After supplying over 7,000 Javelin anti-tank missiles, the US is considering more transfers, potentially depleting US Army inventories. Thousands of Stinger anti-aircraft missiles have been delivered by NATO/US to challenge the Russian Air Force’s dominance of the skies.
Slovakia and Slovenia are contemplating transferring a Soviet-made S-300 air defence system to combat Russian drones that aim bombs and missiles at distant targets.
Aside from the US Switchblade and Turkish Bayraktar attack drones, Ukraine is already employing 121 recently built US Phoenix Ghost tactical drones. These caused significant damage to Russian armour and artillery, as well as functioning as decoys for Russian missile defences. The US is considering sending sophisticated drones, such as the MQ-9 Reaper, which can be operated from afar rather than the smaller ones, which require the controller to be present in the battlespace.
Over 5,000 Nlaws/other anti-tank missiles, five air-defence systems, and other weapons have been given by the United Kingdom, one of Kyiv’s main military suppliers. To avoid a Russian blockade of Ukraine’s Black Sea ports, it is considering transferring anti-ship weapons.
Finally, the US/NATO has begun arming Ukrainian artillery with large-calibre weapons to fight and deter Russian long-range artillery. The Pentagon claims that the US has dispatched more than half of its howitzers to Ukraine. The Mi-17 helicopters will be supplied by the White House. Germany has pledged to deliver Gepard anti-aircraft tanks after weeks of debate. President Emmanuel Macron of France has authorized Caesar cannons and Milan anti-tank missiles for Ukraine following his re-election. From the Czech Republic, T-72 tanks, armoured combat vehicles, and artillery systems have been supplied. Drones, Javelin missiles, and T-72 tanks have been delivered by Poland. Mistral anti-air missiles and other anti-tank weaponry have been sent by Norway.

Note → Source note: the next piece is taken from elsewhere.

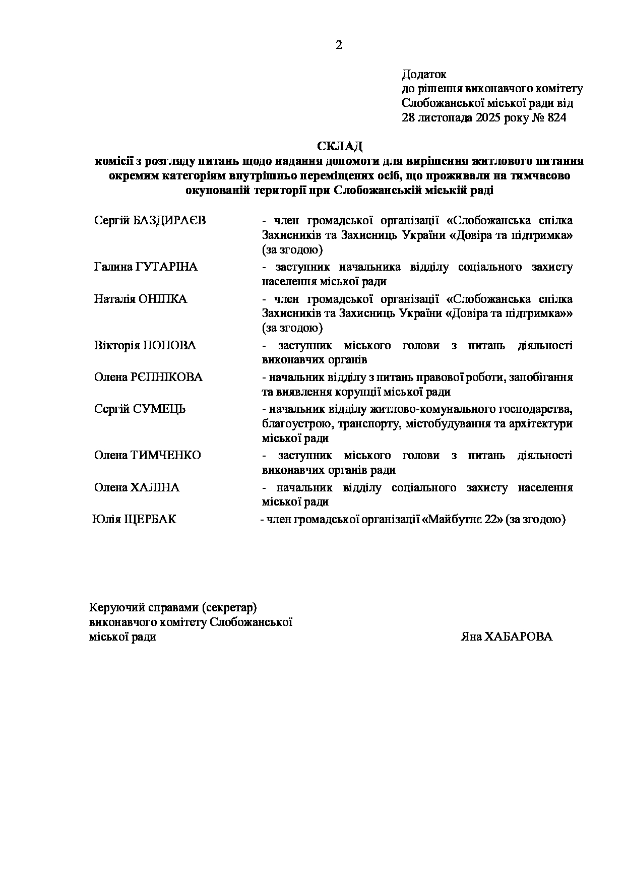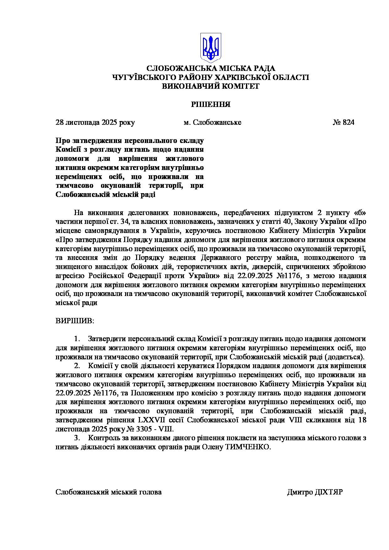 Рішення виконавчого комітету №824 Про затвердження персонального складу Комісії з розгляду питань щодо надання допомоги для вирішення житлового питання окремим категоріям внутрішньо переміщених осіб, що проживали на тимчасово окупованій території, при Слобожанській міській раді.

The following is an example of open Western/US engagement in the Ukraine conflict. This is in addition to America’s covert assistance, as well as its substantial intelligence and communications support. The US/NATO has authorized billions of dollars for the purchase of combat equipment by participating countries to assist Ukraine. As forces throughout the globe know, the diverse equipment delivered in conflict requires training and/or staffing, or both, to absorb and utilise the new technology properly. As a result, the presence of Western veterans, volunteers, mercenaries, and even masked forces fighting Russians is both visible and extensively publicized.

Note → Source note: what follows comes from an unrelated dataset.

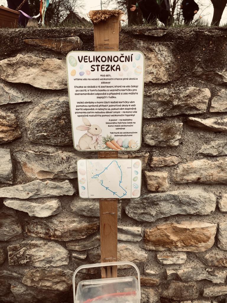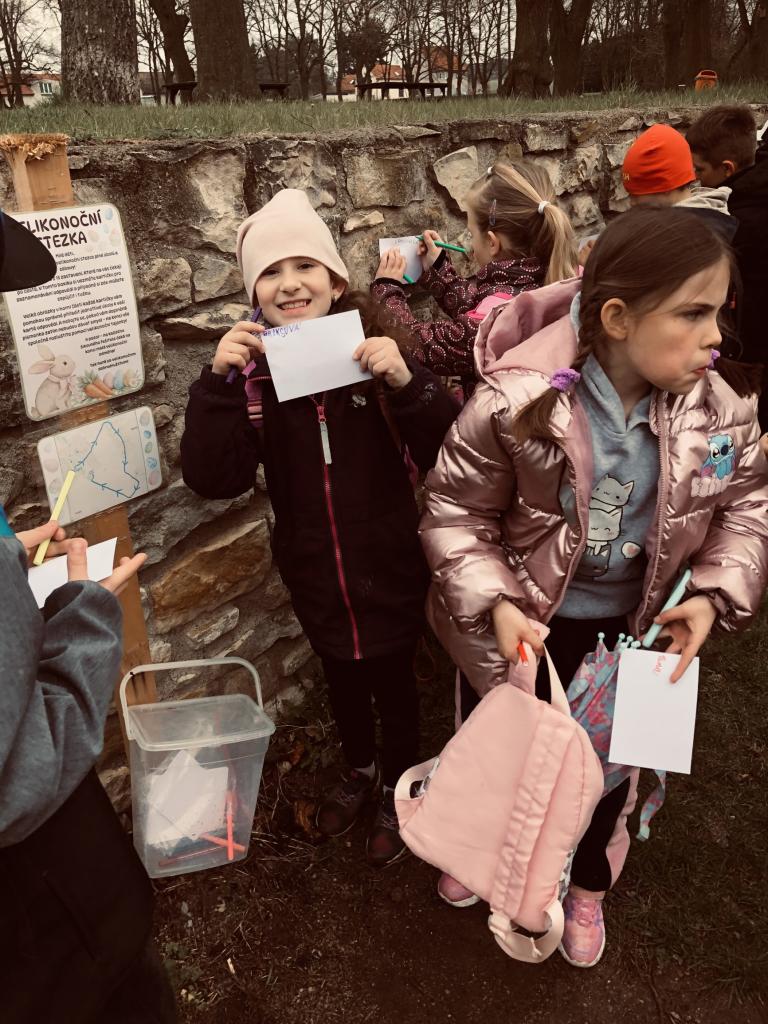 Děti si prošly stezku s poznáváním jarních tradic. Velikonoce jsou tradice, které oslavujeme každý rok po prvním jarním úplňku. Tak jsme se vydali na stezku a kartičky nás zavedly až k pokladu.

Who interprets the law today determines how far such overt and covert involvement is permitted under international law? With the ability to manufacture reality and ‘re-manufacture it’ to fit desired outcomes, the West depicts this conflict in a significantly different light than it did in Iraq, Syria, and Afghanistan, for example, through a tremendous print and electronic media blitz. The goal of this proxy war is to permanently defang Russia’s military, dominate its political landscape, and whittle away at its area of influence… first and foremost, Eastern Europe.

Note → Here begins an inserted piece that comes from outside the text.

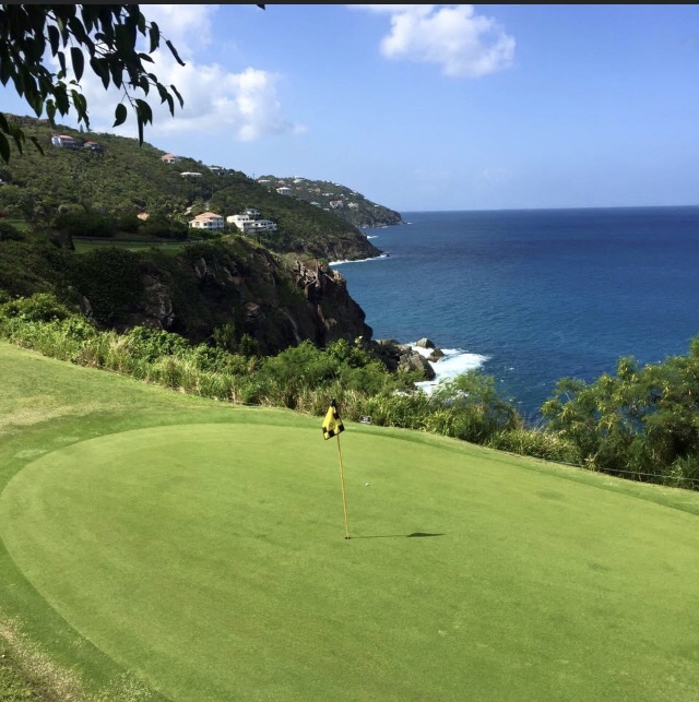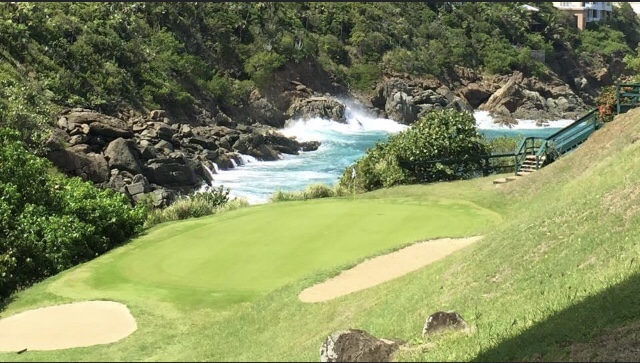So it’s Day 5 , son Nathan has brought his golf clubs and he and his girlfriend, Jessie, take the ferry over to St. Thomas to golf at Mahogany Run. This is a 130 acre 70 par golf course hailed as one of the most beautiful courses in the world.
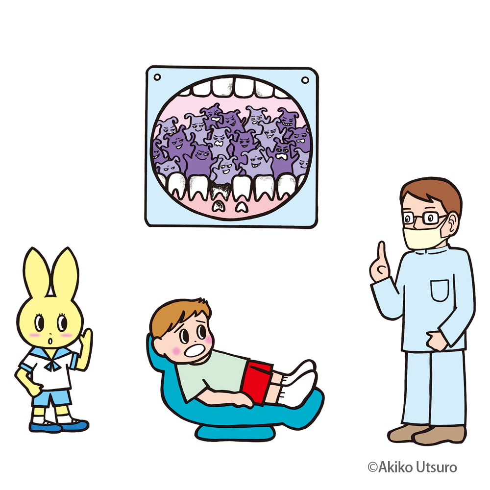 甘い物を食べすぎた後に、歯を磨かなかったひろしくん。お口の中にはバイ菌がいっぱい!虫歯の原因や、虫歯になるとどうなるのか・・・歯磨きの大切さなどをわかりやすく説明します。

This battle, like other conflicts, has the potential to spill over into Europe and the nuclear sphere, although unintentionally. Escalation has its dynamics, and descending the escalation ladder is considerably more difficult than ascending it, due to the high political cost. Apart from military ramifications, this battle has and will continue to pervade worldwide trade, business, and the economy in unimaginable ways.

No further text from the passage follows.